Cabinet Remainer-in-Chief Philip Hammond has sparked anxiety in Britain’s coastal communities by casually announcing that the country’s fisheries could be sold out as part of a Brexit deal.
Speaking shortly after Brussels said it would demand continued access to British fishing waters as the price of a limited free trade deal covering physical goods, overseen by EU institutions, the Chancellor of the Exchequer said: “Of course we would be open to discussing with our EU partners about the appropriate arrangements for reciprocal access for our fishermen to EU waters and for EU fishermen to our waters.”
The 62-year-old’s reasonable-sounding words gloss over the fact that the current “reciprocal” arrangement sees British-flagged trawlers catching just 90,000 tonnes from the waters of other EU member-states, while EU-flagged boats are dragging up a whopping 760,000 tonnes of British fish — around 60 per cent of the catch.
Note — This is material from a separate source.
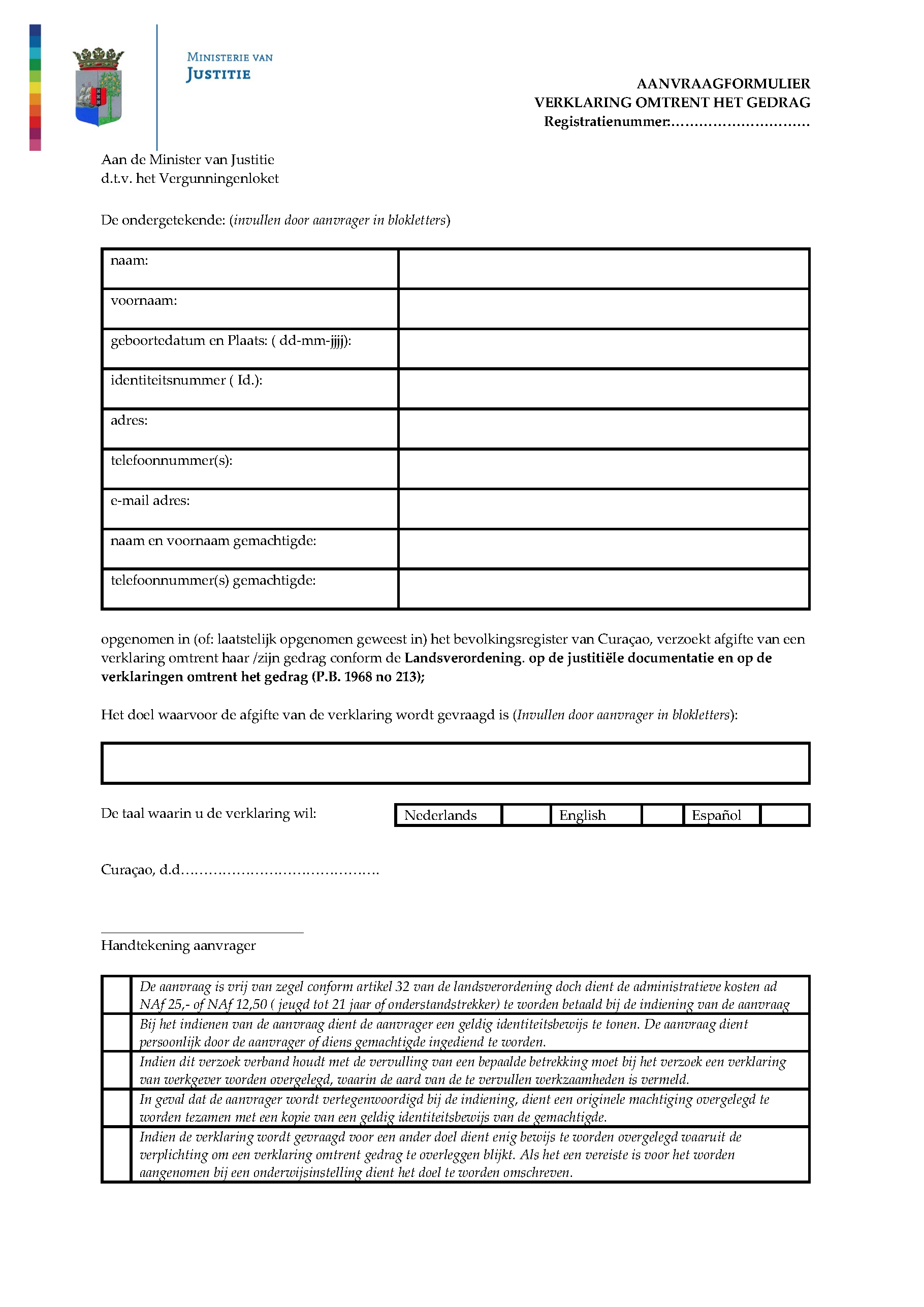 Het formulier, houdende het verzoek tot afgifte van een verklaring omtrent het gedrag, wordt vastgesteld als aangegeven in bijlage IV. Dit formulier kan digitaal ter beschikking worden gesteld aan het publiek en digitaal worden ingediend mits het formulier de handtekening van de aanvrager draagt.

Memories of the late Prime Minister Edward ‘Ted’ Heath’s 1970s sellout of Britain’s fishing industry to the EU — then called the EEC — are long, and were reinforced by the release of secret documents revealing that the government’s position on the fishermen had been that “in the wider context they must be regarded as expendable” in the 2000s.
Over a hundred thousand jobs were lost at sea and on shore as Brussels took over the management of Britain’s stocks under the Common Fisheries Policy (CFP), with the blow falling particularly hard on Scotland, where even the Scottish National Party — normally slavishly loyal to the EU — complained that “the dead hand of Brussels mismanagement” had been “disastrous for Scotland’s fishing communities, the Scottish economy and our maritime environment”.
Alan Hastings, speaking for the grassroots Fishing for Leave campaign which organised the famous Battle of the Thames, which saw British fishermen clash with middle-class Remainers aboard a “floating gin palace” captained by Bob Geldof, was damning.
Hastings accused the government of “testing the water to see if they can get away with sacrificing what’s left of British fishing and with it thousands of people’s lives and heritage”, and branded them “sleekit surrender monkeys”.
Simon Collins, of the Shetland Fishermen’s Association, said the EU’s demands to retain control of Britain’s fisheries were “completely unacceptable“.
“As an opening gambit goes, the EU’s stance is arrogant, absurd and nonsensical,” he said.
“The UK will become an independent coastal state on 29 March 2019, and we insist that it exercises its rights and responsibilities as such immediately.
“No coastal state currently offers the EU guarantees of access to its waters and natural resources, and neither should we.”
Bertie Armstrong, chief executive of the Scottish Fishermen’s Federation, echoed these sentiments, saying: “When we leave the EU we leave the Common Fisheries Policy and assume our rightful place at the table as a coastal state.
“Each year we will then decide who catches what, where and when. The days of the EU taking 60% of our fish are coming to an end. The sea of opportunity is within reach.”
Norway and Iceland, which are not EU member-states but submit to quasi-membership of the Single Market through the European Economic Area (EEA), have nevertheless retained full control over their fishing waters, negotiating shared management issues through the North-west Atlantic Fishing Organisation (NAFO) — where they retain independent representation, unlike EU member-states.